══ Data

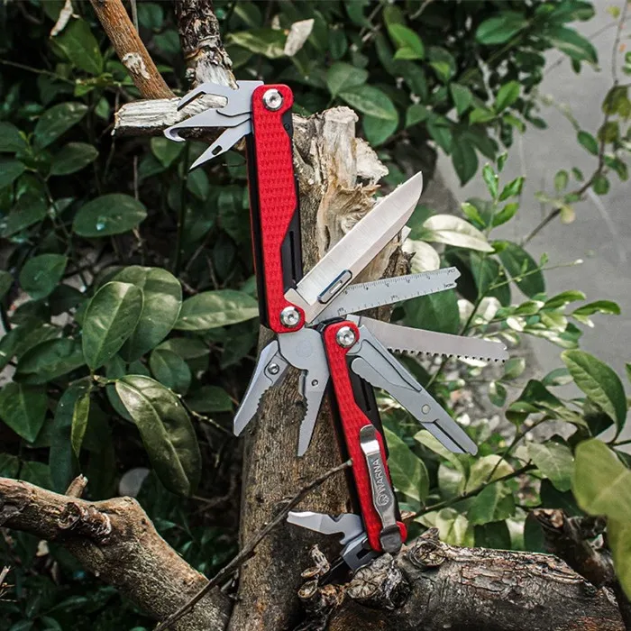 - Multi-functional capabilities including pliers, scissors, screwdrivers, knives, and saws, all foldable and securely stored.
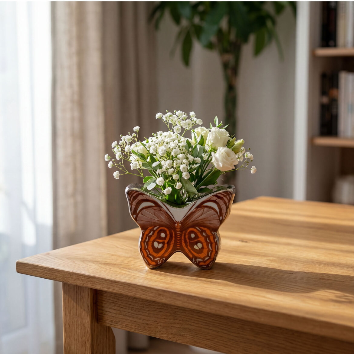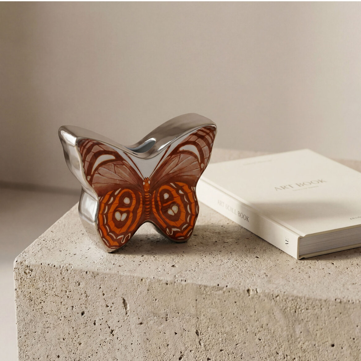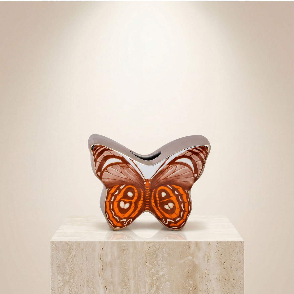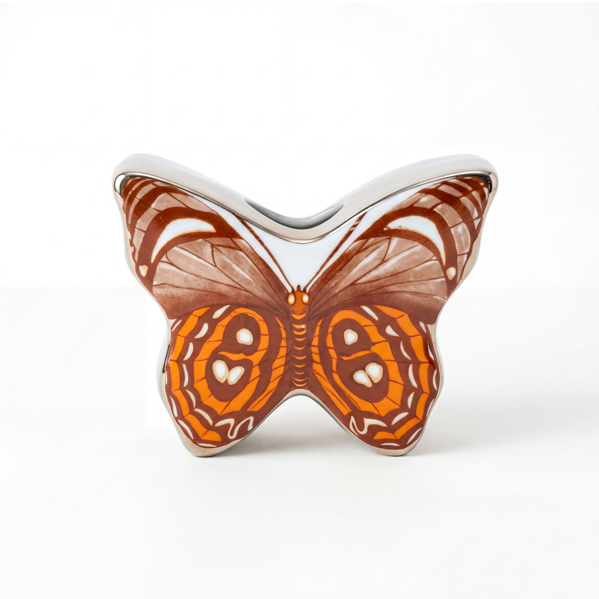 Kelebek formundan ilham alan bu porselen vazo, özgün tasarımı ve dikkat çekici desenleriyle yaşam alanlarınıza sanatsal bir dokunuş katar. Parlak porselen yüzeyi ve modern çizgileri sayesinde salon, masa, konsol ve raf dekorasyonunda şık bir tamamlayıcı olarak kullanılabilir.
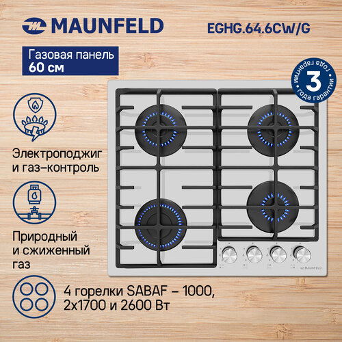 Газовая варочная панель MAUNFELD EGHG.64.6CW/G, белый
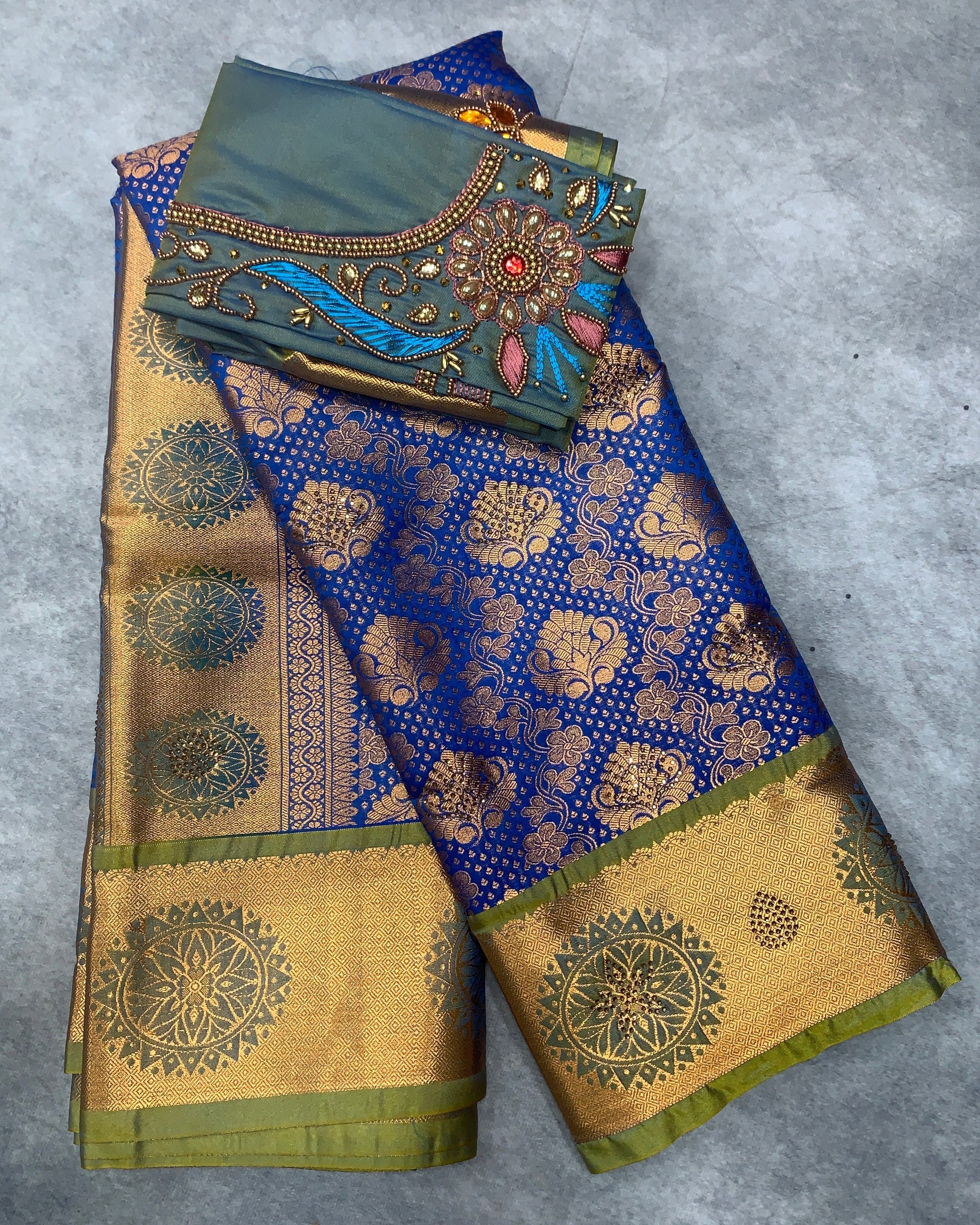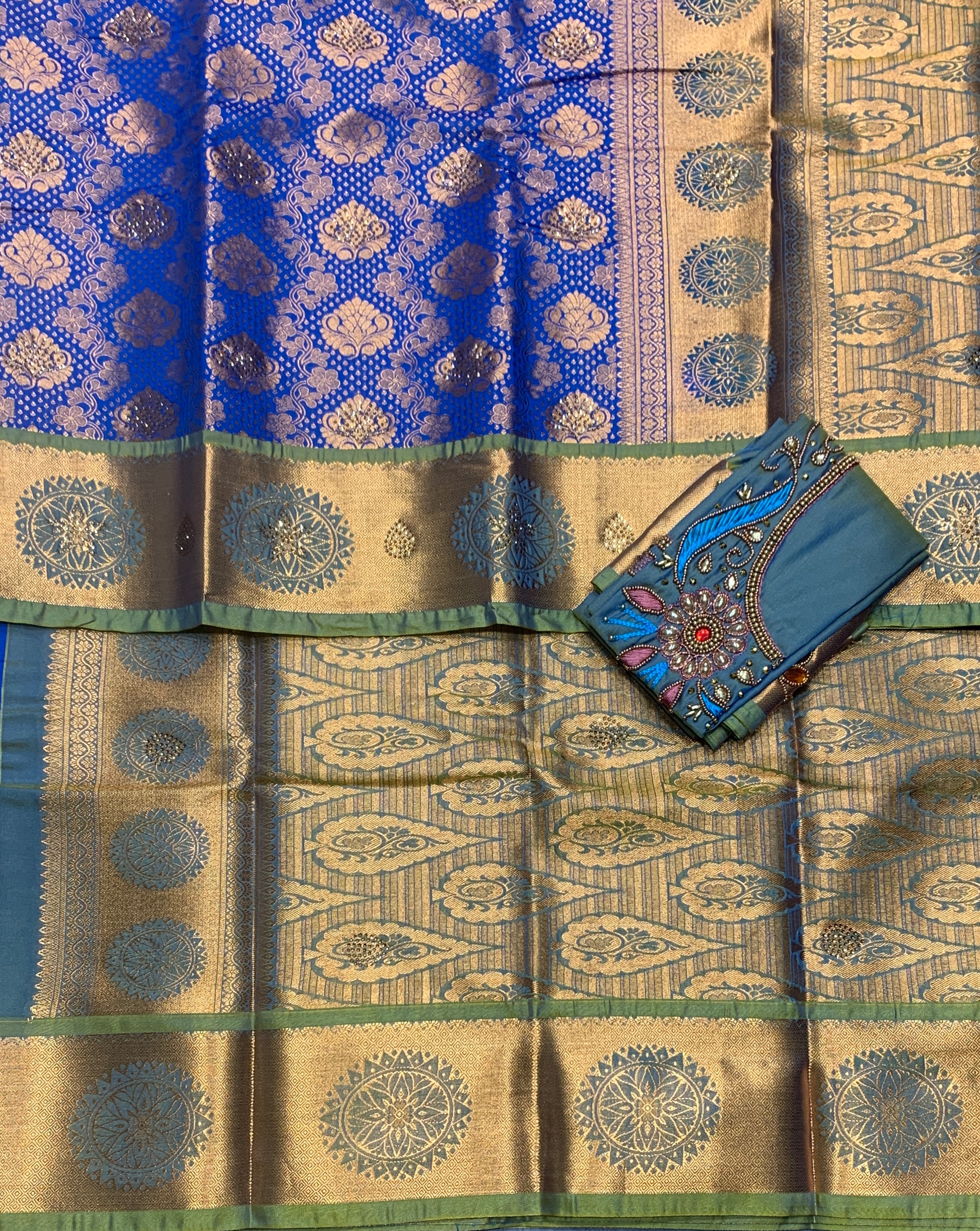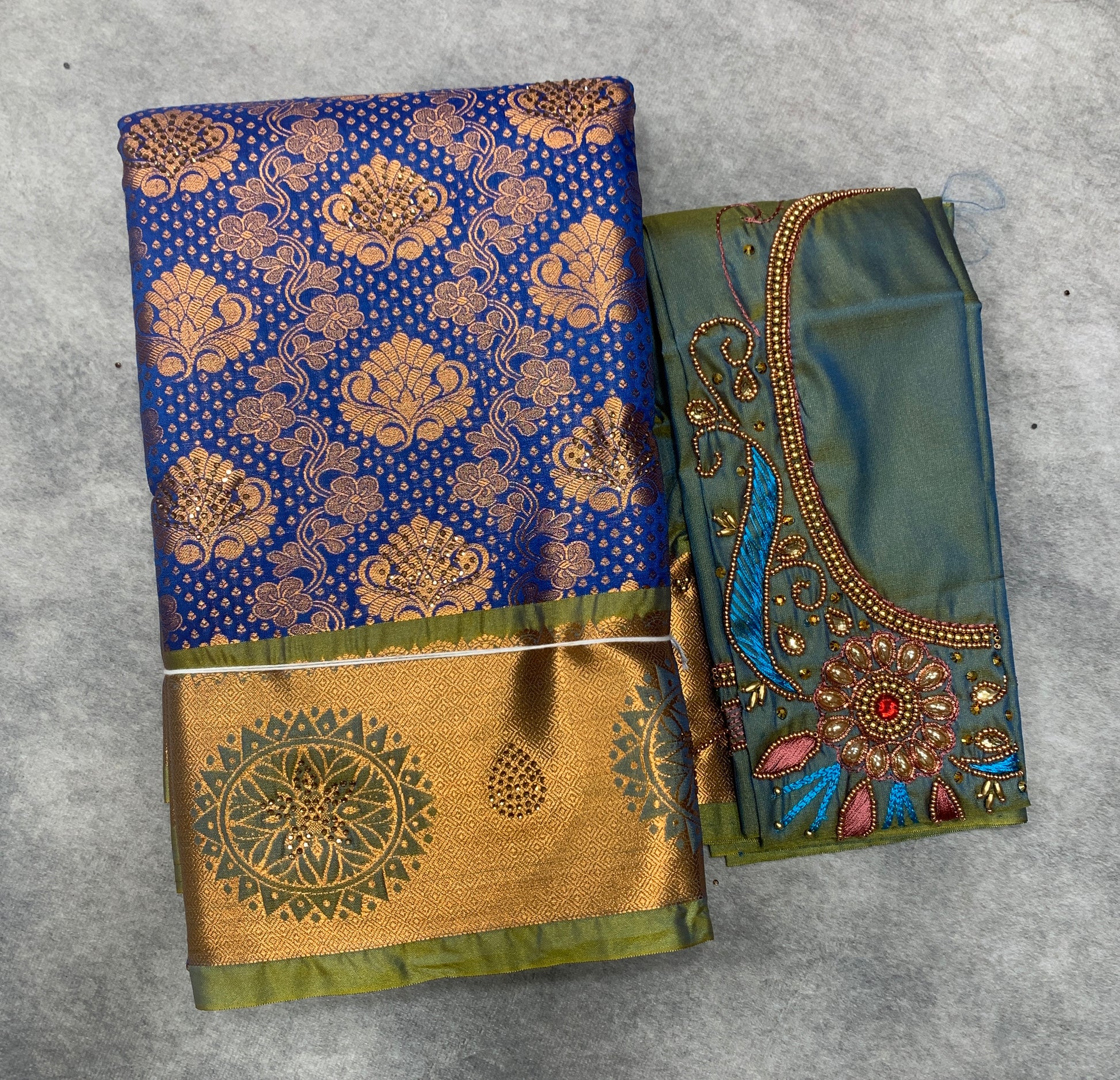 Bridal Vegan Silk Saree Blue Colour with Light Green Border. Unstitched blouse in Aari work.

════

Reproduce the whole listing above word for word, dropping each image.

 - Multi-functional capabilities including pliers, scissors, screwdrivers, knives, and saws, all foldable and securely stored.
 Kelebek formundan ilham alan bu porselen vazo, özgün tasarımı ve dikkat çekici desenleriyle yaşam alanlarınıza sanatsal bir dokunuş katar. Parlak porselen yüzeyi ve modern çizgileri sayesinde salon, masa, konsol ve raf dekorasyonunda şık bir tamamlayıcı olarak kullanılabilir.
 Газовая варочная панель MAUNFELD EGHG.64.6CW/G, белый
 Bridal Vegan Silk Saree Blue Colour with Light Green Border. Unstitched blouse in Aari work.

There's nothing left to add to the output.